When this initiative was collecting signatures, I refused to add mine. I decided (much like I had with the smoking ban a couple years ago) that I wouldn't sign, but if it got onto the ballot I would at least consider voting for it. It took me a long time to actually make that decision, and even when I was looking at my ballot on Saturday I briefly considered voting against it, but in the end I voted for it.

Why? What were my concerns? Well, first let me tell you that seeking a lethal prescription is seeking to commit suicide, and that's not a decision I can support, even knowing that a person is going to die in a manner that is painful, dehumanizing, etc. However, it's not my choice. I am not terminally ill, and neither is anyone with whom I am close, and that means that it's not up to me to decide when and how a person should die.

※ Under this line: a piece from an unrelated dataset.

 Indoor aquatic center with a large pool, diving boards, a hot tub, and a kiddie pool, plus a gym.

So, like one of the reasons I am pro-choice (that is, it's up to the woman in question what to do with the contents of her uterus, not anyone else and certainly not the government), I ended up supporting this initiative because I am only in charge of my life and what I do with it. Not having had to face the dehumanizing effects of terminal illness in it's last stage, I don't have anything to look on here. And I believe that, as human beings, we ultimately want to live, and just seeking a lethal prescription which one administers one's self, does not necessarily mean that the patient will go home and commit suicide right away.

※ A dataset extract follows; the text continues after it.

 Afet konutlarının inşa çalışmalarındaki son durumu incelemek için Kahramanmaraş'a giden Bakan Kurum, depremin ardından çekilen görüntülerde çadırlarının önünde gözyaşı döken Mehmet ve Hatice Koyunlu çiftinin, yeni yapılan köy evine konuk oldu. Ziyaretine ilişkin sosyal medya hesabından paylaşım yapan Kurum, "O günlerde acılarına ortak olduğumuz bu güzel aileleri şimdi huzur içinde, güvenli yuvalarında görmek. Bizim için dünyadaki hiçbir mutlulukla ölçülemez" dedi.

You see, the terminally ill are already planning their deaths. They are making amends, they are drafting wills, they are having parties, and saying goodbye, but after all of those things are done, they have to wait for death. I believe that the knowledge of my impending death would be so torturous that I, too, would seek some kind of way to know when and how. A quiet death in one's sleep is much easier on both family and patient... instead of having to watch your loved one deteriorate physically, mentally, until they are no longer the person you know and perhaps barely a person at all.

It was difficult for me to support this measure because I like to think that I am immortal and that whatever pain I am in I will live through -- that's been the theme of my entire life. But I, like everyone, am not immortal. I will die one day. You will die one day. I would hope that if my end was determined to be a slow and painful deterioration, I would not be forced to endure that torture -- that's what we're voting on here.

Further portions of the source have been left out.